WSAZ INVESTIGATES: Repeat Offenders on Home Confinement

By: Brooks Jarosz Email
By: Brooks Jarosz Email

KANAWHA COUNTY, W.Va. (WSAZ) -- Many criminals are given a second chance and can avoid jail time by agreeing to change their ways, but does the home confinement program actually work?

It's not the first time and it won't be the last for convicted criminals to violate their home confinement.

With jail overcrowding, home confinement has proved to be a big benefit, but when criminals press their luck on the street, they're back in court to face a judge time and time again.

"If you're sent to prison in West Virginia, you've earned it," Prosecutor Mark Plants said. "You've had multiple, multiple chances to correct your ways."

Right now, more than 220 criminals in Kanawha County have been given a second chance. Officials say history shows one in 10 will not make it through without breaking the rules.

"What we're trying to do is get them another line of work and if they continue to do that and get caught then shame on them," Harry Carpenter with the home confinement said. "We'll incarcerate them and get it stopped."

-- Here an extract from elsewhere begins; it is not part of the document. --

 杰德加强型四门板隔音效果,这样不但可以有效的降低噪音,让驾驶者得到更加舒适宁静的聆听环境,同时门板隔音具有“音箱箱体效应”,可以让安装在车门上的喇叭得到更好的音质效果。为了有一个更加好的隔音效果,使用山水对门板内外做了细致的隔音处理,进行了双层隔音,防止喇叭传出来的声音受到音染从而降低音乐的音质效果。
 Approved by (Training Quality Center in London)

Charges ranging from drug possession and child porn to murder and child neglect, many are given the opportunity to get rehabilitated.

"What we often see is these types of criminals who are on home confinement violate it whether it's by having or possessing alcohol, failing a drug test or failing to show up to meetings," Plants said.

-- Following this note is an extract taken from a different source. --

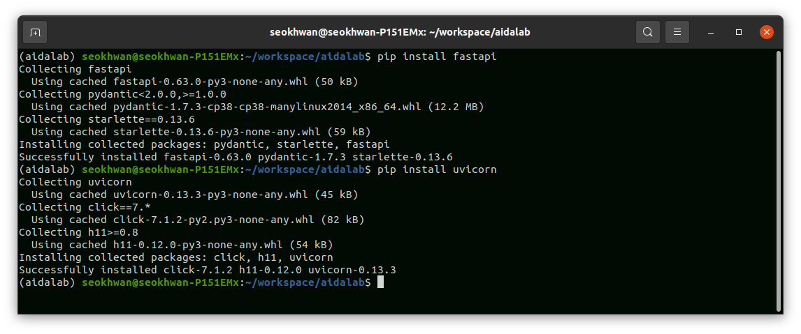 FastAPI와 함께 Uvicorn 모듈도 설치하도록 합니다.
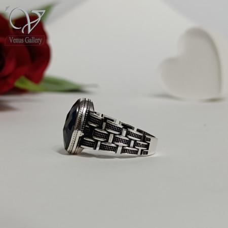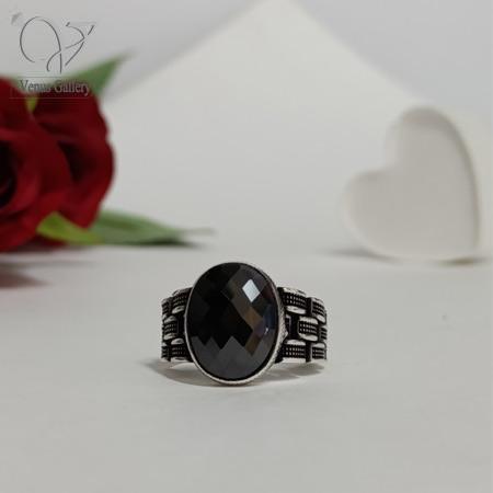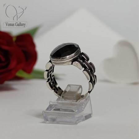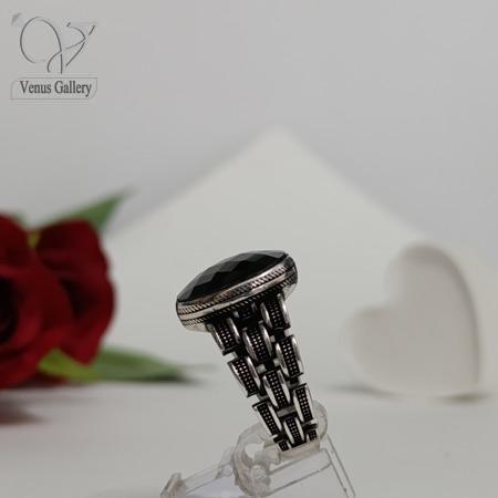 انگشتر نقره مردانه سنگ اونیکس مشکی چند وجهی بیضی ترکیه ای کد 5466

All of those criminals can add up to a heavy caseload for prosecutors. It does extend the length of time criminals are in the court system but there's still faith in the system itself.

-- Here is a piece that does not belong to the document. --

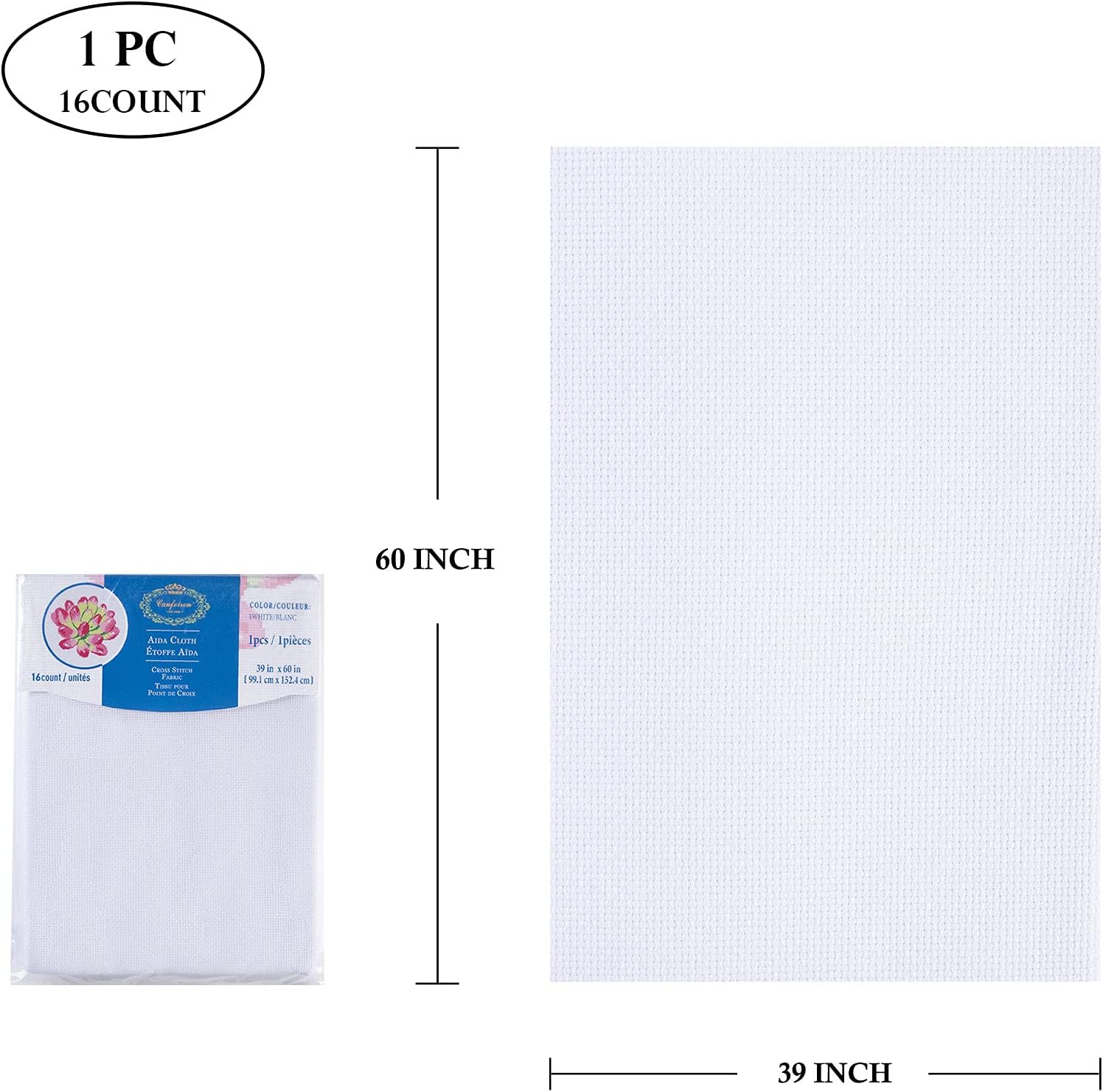 Aida Cloth Big Size 16 Count, White Cross Stitch Fabric, 39 inch by 60 inch

County officials collectively argue it saved taxpayers money and prevents jail overcrowding. Instead of paying $50 a day to lock one up, these convicted criminals are collectively paying $11,000 a day.

"We have far more successes then we do failures," Carpenter said. "And those are the people that no one wants to talk about."

To ensure success, high risk criminals are strapped down with GPS tracking devices, alerting confinement officers of where they are 24/7. It's a way to push them to turn their lives around.

"We have to motivate them to be a productive member of society and if they're not going to be a productive member of society, then remove them from society," Plants said.

County officials hope criminals will be encouraged to become working professionals and become active in the community.

Ultimately it’s up to a judge to determine whether or not a person will get home confinement.

Prosecutors say it’s a privilege to be on home confinement. Kanawha County has one of the biggest programs in the state.